Scholars from across the nation and as far as England, Norway and Israel convened at USC on Sept. 29 to celebrate the career of retiring USC Davis School of Gerontology professor Vern Bengtson.

Bengston, the author of more than 200 articles and 11 books and former holder of the AARP University Chair in Gerontology and Sociology, taught at USC for 40 years. He also held a joint appointment in the sociology department of USC College.

One of his most impressive accomplishments was serving as the founder and first principal investigator of the Longitudinal Study of Generations, a multigeneration and multidisciplinary examination of families, aging and social change now approaching its 30th year of data collection.

He was elected president of the Gerontological Society of America and granted a MERIT Award for research from the National Institute on Aging.

Known for his theories on aging course, Bengston was an admired lecturer, earning a Distinguished Teaching Award from USC College in 1985.

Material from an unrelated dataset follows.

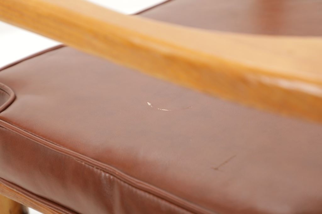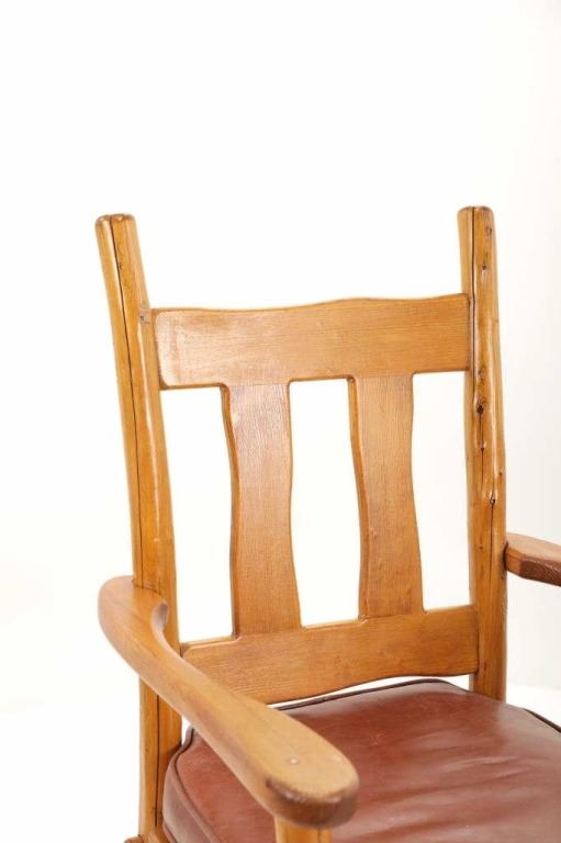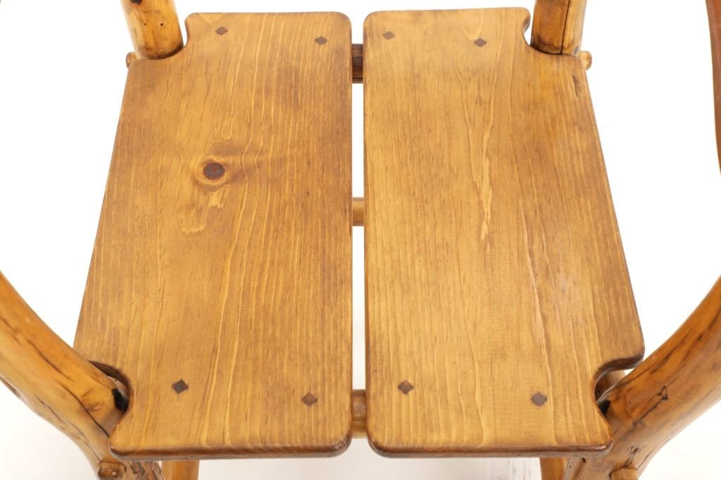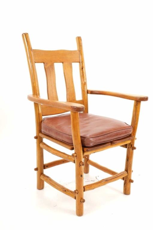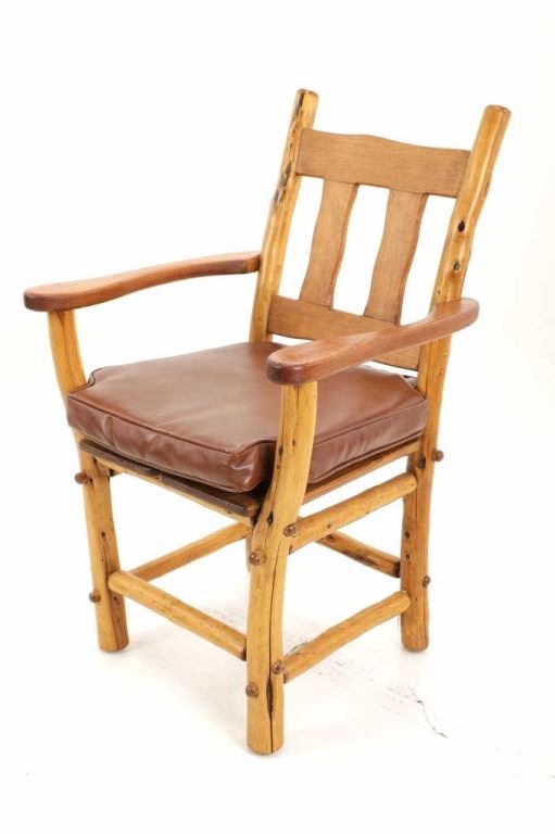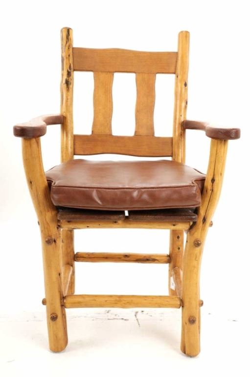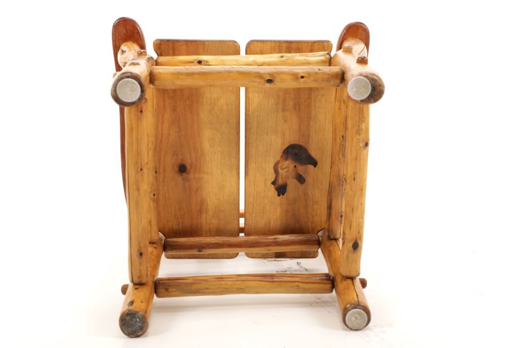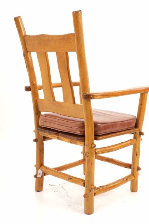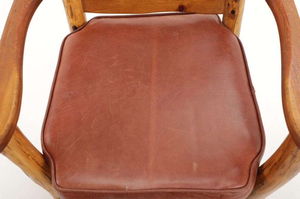 This is a fantastic, custom handmade Thomas Molesworth style set of four log and leather cushion chairs. The chairs are all handmade and truly high quality furniture from Jackson Hole or Cody, Wyoming. The set shows the classic log furniture style first made popular by Thomas Molesworth (1890-1977). These are signed on the bottom with a branded / burned bear with “S” at the center. Thomas Molesworth is known for creating the iconic Western Cowboy and Cabin style. The four chairs measure approximately 42" tall by 24 1/2" wide and 20 1/2" deep.*

USC Davis School faculty members Merril Silverstein and Roseann Giarrusso hosted the daylong Festschrift, a volume of writings presented as a tribute, at the Davidson Conference Center.

“Vern's contributions to social gerontology, sociology of aging and sociology of the family are too many to mention,” Silverstein said. “I think the themes we laid out in the conference give us a good overview of the breadth of his contributions and of the lasting imprint they have made to understanding the place of family in the aging process.”

Lectures at the conference addressed continuity and change in families, including such topics as religion, family relationships over generations, poverty, race and gender, all themes central to Bengtson's work.

Conference attendees then made their way across campus to the USC Davis School's Stever Courtyard for dinner, mariachi music and a lighthearted roast of the guest of honor.

Andrew Achenbaum, professor of history and social work at the University of Houston, compared Bengtson's devotion and skill as a mentor to the mythical goddess Athena, who counseled mortals seeking guidance.

Silverstein presented a mock quiz that questioned Bengtson's proud, Swedish heritage.

In a five-step survey titled “The Model Swede,” Silverstein concluded that Bengtson did not fit 80 percent of the criteria necessary for status as an ideal Swede.

Silverstein later confessed some of the lines of inquiry may have been unreliable. In particular, a section about an ancient Viking custom that required sons to throw their fathers over a cliff.

“Thankfully,” Silverstein pointed out, “Vern only has daughters.”